0:00 — 25 березня 2005 eye 595

59-летнего Анатолия Фесенко доставили в хирургическую клинику Центральной клинической больницы Киева в бессознательном состоянии. Из-за лопнувшего аппендикса у него развился гнойный перитонит, сердце едва билось, человек задыхался. Чтобы вернуть его к жизни, специалистам пришлось провести шесть сложнейших операций, а для переливания использовать кровь… более ста доноров

- На операционный стол я попал, когда уже был без сознания, — говорит Анатолий Владимирович.  — Все за меня решали мои близкие и, конечно, хирурги, которым я обязан жизнью. Уже позже, придя в себя, узнал, что причиной беды стал разорвавшийся аппендикс. Никакого типичного для аппендицита приступа у меня не было. Общее недомогание, повышенная температура, ноющая боль в животе. Мы с сестрой находились на отдыхе в Крыму. И когда мне стало плохо, местные врачи посоветовали срочно ехать в Киев. Добирались машиной, на дорогу ушло почти 14 часов. Теперь понятно, что все это время в брюшной полости стремительно развивался гнойный процесс. В результате во время операции хирурги откачали более пяти литров (!) гноя. Очень неприятно говорить об этом, но так оно и было. Если бы профессор Владимир Мишалов отказался меня оперировать, его никто не посмел бы осудить: спасти такого пациента, как я, было почти нереально.

Анатолий Фесенко находится в реанимационном отделении Центральной городской клинической больницы Киева уже четыре месяца. И только теперь врачи могут сказать, что он идет на поправку. За это время пациент перенес шесть операций, ему даже пришлось установить кардиостимулятор, потому что сердце не справлялось с нагрузкой.

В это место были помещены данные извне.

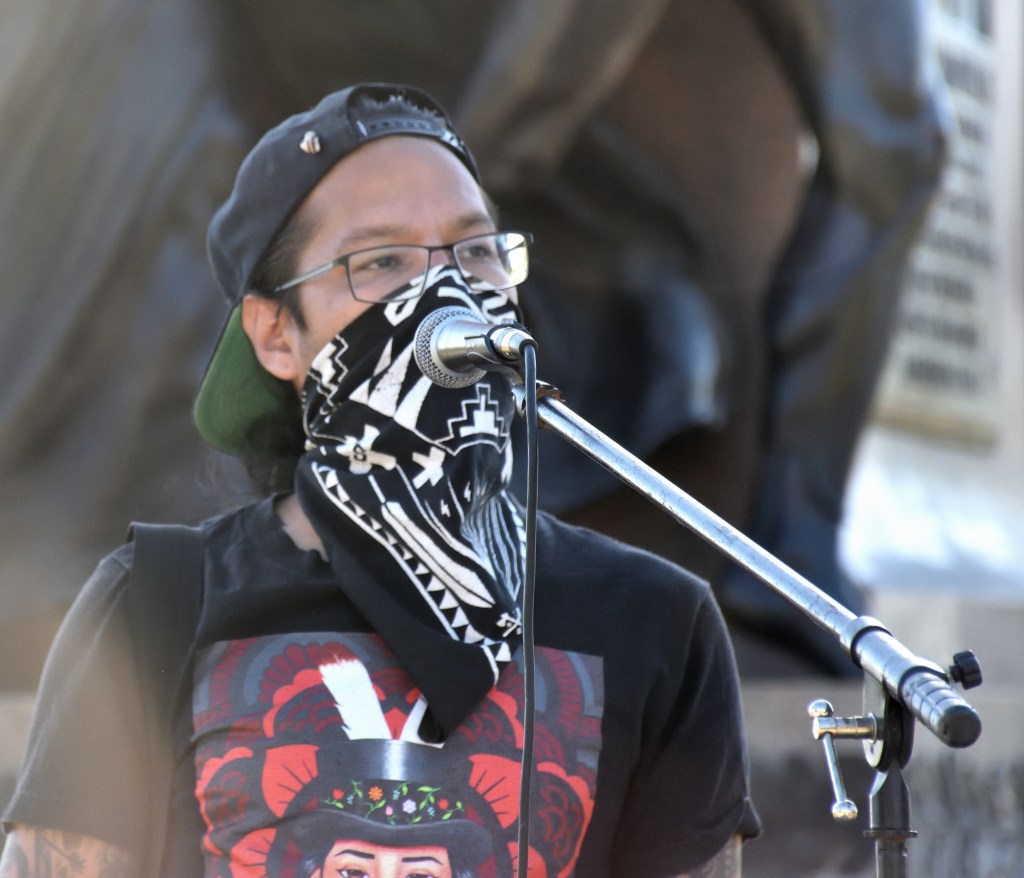 Activists called for the removal of statues and for Columbus Day to no longer be recognized in Iowa at an Indigenous Peoples’ Day celebration at the Iowa State Capitol Monday.

- Сначала приходилось бороться за каждый час жизни Анатолия Владимировича, потом — за каждый день, — говорит проректор по лечебной работе Национального медицинского университета, заведующий кафедрой госпитальной хирургии Ь 2, руководитель Киевского городского центра хирургии, действующего на базе Центральной городской клинической больницы, доктор медицинских наук профессор Владимир Мишалов.  — Опыт работы в хирургии у меня немаленький — 27 лет, так что сложных операций и на органах брюшной полости, и на сердце сделано тысячи. Начинал, как все, с удаления аппендикса. И вот вновь аппендицит. Признаться, такого пациента встречать еще не приходилось. Сложность операции заключалась в том, что человек весил почти 150 килограммов, у него развились сильные отеки, сердце работало плохо, возникла тромбоэмболия легочной артерии. Видим, что он погибает у нас на глазах. Разве хирург имеет право в такой ситуации сидеть сложа руки и ждать? Логика такова: не сделаешь операцию — человек, без сомнения, умрет, а врач обязан использовать малейший шанс на спасение. Даже положить Анатолия Владимировича на операционный стол мы сначала не могли: сердце пациента останавливалось, и давать наркоз ему пришлось… в сидячем положении. Затем убирали гной, промывали брюшную полость, вливая десятки литров специального дезинфицирующего раствора. Справиться с болезнью помогли сверхинтенсивная терапия, новейшие препараты. Кроме того, в общей сложности наш пациент получил кровь более ста доноров.

«Сестра стала для меня лучшим донором: мой организм воспринимал ее кровь, как свою»

- Переливание крови мне было жизненно необходимо, но я его очень боялся, — говорит Анатолий Фесенко.  — Никогда до этого мне не вливали донорскую кровь. Я даже попытался возмущаться — не мог преодолеть психологический барьер. И тогда врачи меня обманули: начали вводить плазму, она желтого цвета, а затем «замаскировали» бумагой капельницу и перелили «красную» кровь, точнее, эритроцитарную массу. Так незаметно я и получил, как утверждают медики, кровь более ста доноров.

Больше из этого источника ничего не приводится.